WHAT IS BEING ASKED
Output all of the data exactly, keeping any images out of the copy.

THE DATA
╭──

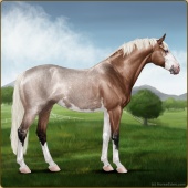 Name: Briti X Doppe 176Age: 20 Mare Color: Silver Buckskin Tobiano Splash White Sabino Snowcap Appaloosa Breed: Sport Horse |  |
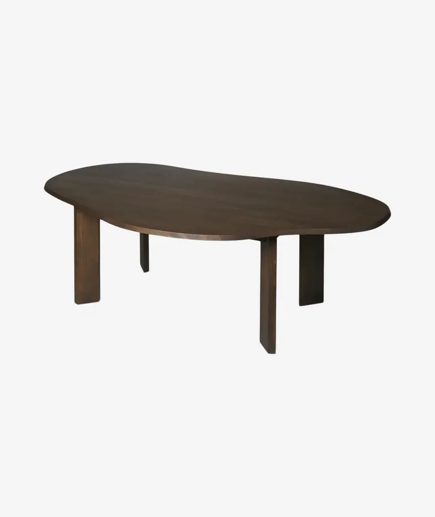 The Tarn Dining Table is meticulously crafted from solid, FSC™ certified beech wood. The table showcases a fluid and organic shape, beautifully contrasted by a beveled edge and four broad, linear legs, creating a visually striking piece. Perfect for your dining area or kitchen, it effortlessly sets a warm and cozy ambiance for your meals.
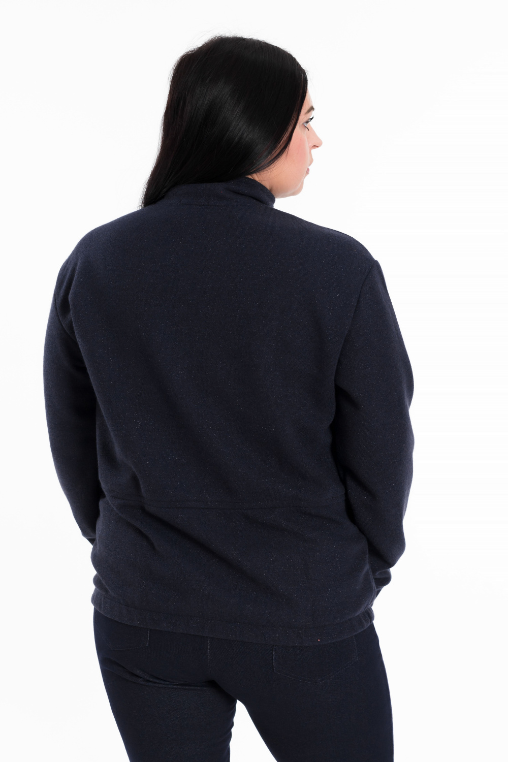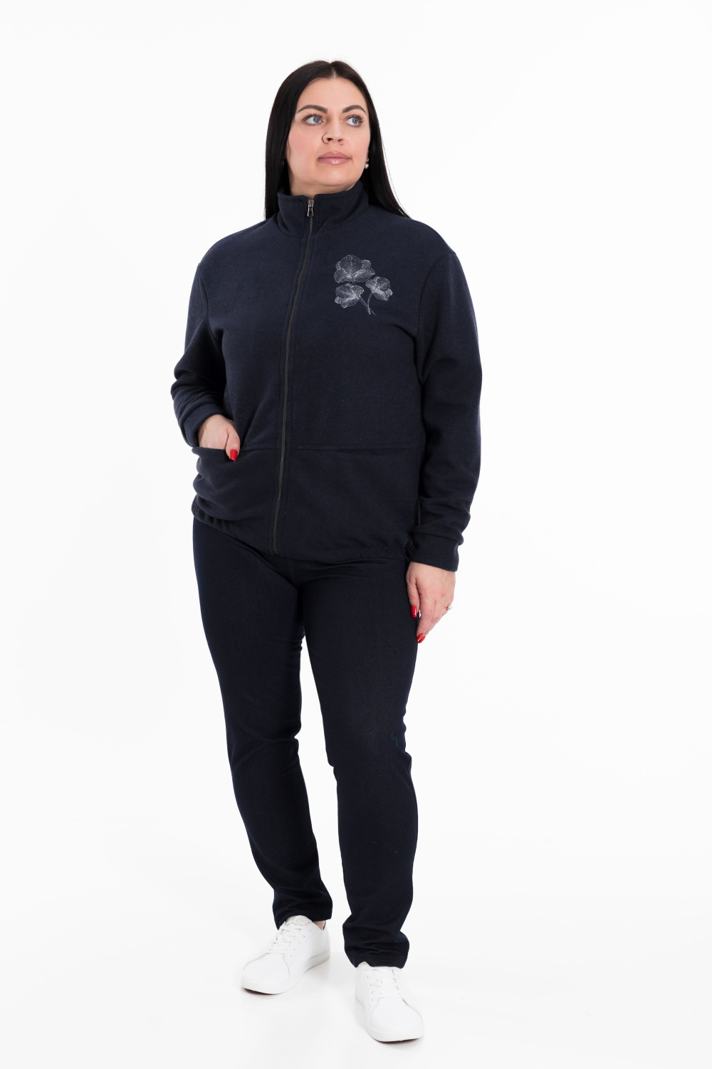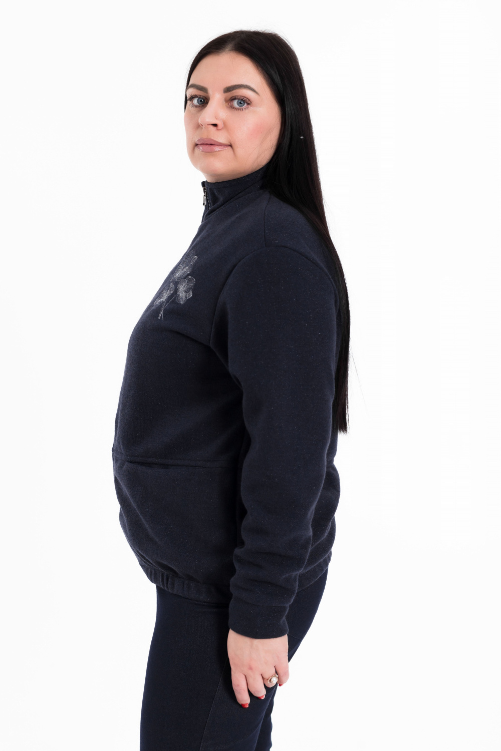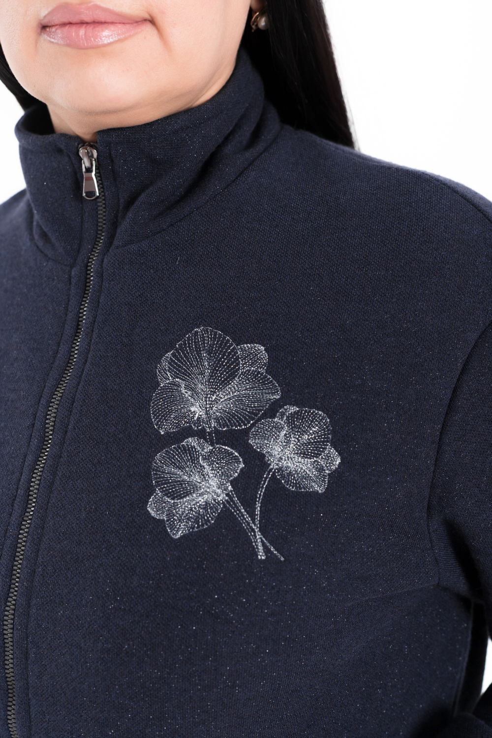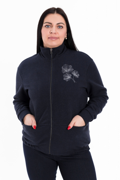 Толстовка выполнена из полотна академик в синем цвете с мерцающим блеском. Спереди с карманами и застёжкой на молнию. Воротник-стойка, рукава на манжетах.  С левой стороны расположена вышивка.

╰──

ANSWER SECTION
 Name: Briti X Doppe 176Age: 20 Mare Color: Silver Buckskin Tobiano Splash White Sabino Snowcap Appaloosa Breed: Sport Horse |  |
 The Tarn Dining Table is meticulously crafted from solid, FSC™ certified beech wood. The table showcases a fluid and organic shape, beautifully contrasted by a beveled edge and four broad, linear legs, creating a visually striking piece. Perfect for your dining area or kitchen, it effortlessly sets a warm and cozy ambiance for your meals.
 Толстовка выполнена из полотна академик в синем цвете с мерцающим блеском. Спереди с карманами и застёжкой на молнию. Воротник-стойка, рукава на манжетах.  С левой стороны расположена вышивка.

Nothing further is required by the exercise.